Percentage of Participants With BOR of Partial Response (PR)
PR was achieved if all of the following criteria were met: a)≥50% decrease in Lym count from the baseline value, b)≥50% reduction in LD by CT scan, c)≥50% reduction in size of liver/spleen by PE/CT scan and at least 1 of the following for a minimum of 8 weeks: i. Leuk ≥1.5×10^9/L or 50% improvement over baseline, ii. Plat >100×10^9/L or 50% improvement over baseline and iii. Hb >11.0 g/dL or 50% improvement over baseline without transfusion. Participants who fulfilled criteria for CR with persistent anemia/thrombocytopenia were considered in PRs. CR was achieved if all of the criteria were fulfilled for ≥8 weeks: a)Absence of LD by PE and CT scan, b)No HM/SM by PE/CT, c)Absence of B symptoms, d)Normal CBC, and e)BM biopsy: normocellular for age, <30% of the cells being Lym and LN absent.
Percentage of Participants With BOR of Nodular Partial Response (nPR)
CR was achieved if all of the following criteria were met for ≥8 weeks: a)Absence of LD by PE and CT scan, b)No HM/SM by PE/CT scan, c)Absence of B symptoms, d)Normal CBC, and e)BM biopsy: normocellular for age, <30% of the cells being Lym and LN absent. Participants with nPR were those who satisfied all of the CR criteria except for the BM, where LN could be identified histologically.
Percentage of Participants With BOR of Progressive Disease (PD)
PD is considered if 1 of the following criteria is met: a)≥50% increase in sum of the products of ≥2 lymph nodes compared to their smallest size (at least one ≥2 cm in diameter) or appearance of new lymph nodes/extranodal lesions, b)≥50% increase in the size of hepatosplenomegaly (HSM) as determined by PE/CT scan; appearance of palpable HM/SM that was not previously present, c)≥50% increase in the absolute number of circulating Lym to ≥5×10^9/L, d)Transformation to a more aggressive histology. Symptomatic deterioration (evident in clinical symptoms but not supported by tumor assessments), in such cases, the determination of clinical progression was based on symptomatic deterioration.
Percentage of Participants With BOR of Stable Disease (SD)

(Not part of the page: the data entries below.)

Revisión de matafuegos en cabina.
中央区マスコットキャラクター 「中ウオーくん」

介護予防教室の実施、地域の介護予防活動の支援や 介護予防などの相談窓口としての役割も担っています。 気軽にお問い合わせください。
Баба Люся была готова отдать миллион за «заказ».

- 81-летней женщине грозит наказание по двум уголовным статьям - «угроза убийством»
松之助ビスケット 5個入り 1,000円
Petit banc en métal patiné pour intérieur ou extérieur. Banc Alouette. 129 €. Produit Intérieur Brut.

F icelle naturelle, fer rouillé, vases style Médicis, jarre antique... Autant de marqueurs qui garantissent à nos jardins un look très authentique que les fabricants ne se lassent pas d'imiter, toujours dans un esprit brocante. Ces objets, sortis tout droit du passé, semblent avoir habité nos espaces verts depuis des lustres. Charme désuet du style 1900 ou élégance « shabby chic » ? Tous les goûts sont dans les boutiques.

Participants without CR/PR or PD were considered having a tumor response of SD. CR: a) Absence of LD by PE and CT, b) No HM/SM by PE/CT, c) Absence of B symptoms, d) Normal CBC, and e) BM biopsy: normocellular for age, <30% of the cells being Lym and LN absent. PR: a) ≥50% decrease in Lym count from baseline, b) ≥50% reduction in LD, c) ≥50% reduction in size of liver/spleen by PE/CT and ≥1 of the following for at least 8 weeks: i. Leuk ≥1.5×10^9/L or 50% improvement over baseline, ii. Plat >100×10^9/L or 50% improvement over baseline and iii. Hb >11.0 g/dL or 50% improvement over baseline without transfusion. PD: a) ≥50% increase in sum of the products of ≥2 lymph nodes compared to their smallest size or appearance of new lymph nodes/extranodal lesions, or b) ≥50% increase in the size of HSM; new appearance of palpable HM/SM, or c) ≥50% increase in the absolute number of circulating Lym to ≥5×10^9/L, or d) Transformation to a more aggressive histology.
Percentage of Participants With Objective Response (CR or PR)

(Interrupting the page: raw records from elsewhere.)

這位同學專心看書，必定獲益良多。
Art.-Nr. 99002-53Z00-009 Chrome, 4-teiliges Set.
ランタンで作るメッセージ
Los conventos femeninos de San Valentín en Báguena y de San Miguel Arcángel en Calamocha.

Objective response was defined as a tumor response of CR or PR. CR was achieved if all of the criteria were met for ≥8 weeks: a)Absence of LD by PE and CT scan, b)No HM/SM by PE/CT scan, c)Absence of B symptoms, d)Normal CBC, and e)BM biopsy: normocellular for age, <30% of the cells being Lym and LN absent. PR was achieved if all of the criteria were met: a)≥50% decrease in Lymp count from the baseline value, b)≥50% reduction in LD by CT scan, c)≥50% reduction in size of liver/spleen by PE/CT scan and at least 1 of the following for a minimum of 8 weeks: i. Leuk ≥1.5×10^9/L or 50% improvement over baseline, ii. Plat >100×10^9/L or 50% improvement over baseline and iii. Hb >11.0 g/dL or 50% improvement over baseline without transfusion. Participants who fulfilled criteria for CR with persistent anemia/thrombocytopenia were considered PRs.
Percentage of Participant With Disease Progression or Death
PD is considered if 1 of the following criteria is met: a)≥50% increase in sum of the products of ≥2 lymph nodes compared to their smallest size (at least one ≥2 cm in diameter) or appearance of new lymph nodes/extranodal lesions, b)≥50% increase in the size of HSM as determined by PE/CT scan; appearance of palpable HM/SM that was not previously present, c)≥50% increase in the absolute number of circulating Lym to ≥5×10^9/L, d)Transformation to a more aggressive histology. Symptomatic deterioration (evident in clinical symptoms but not supported by tumor assessments), in such cases, the determination of clinical progression was based on symptomatic deterioration.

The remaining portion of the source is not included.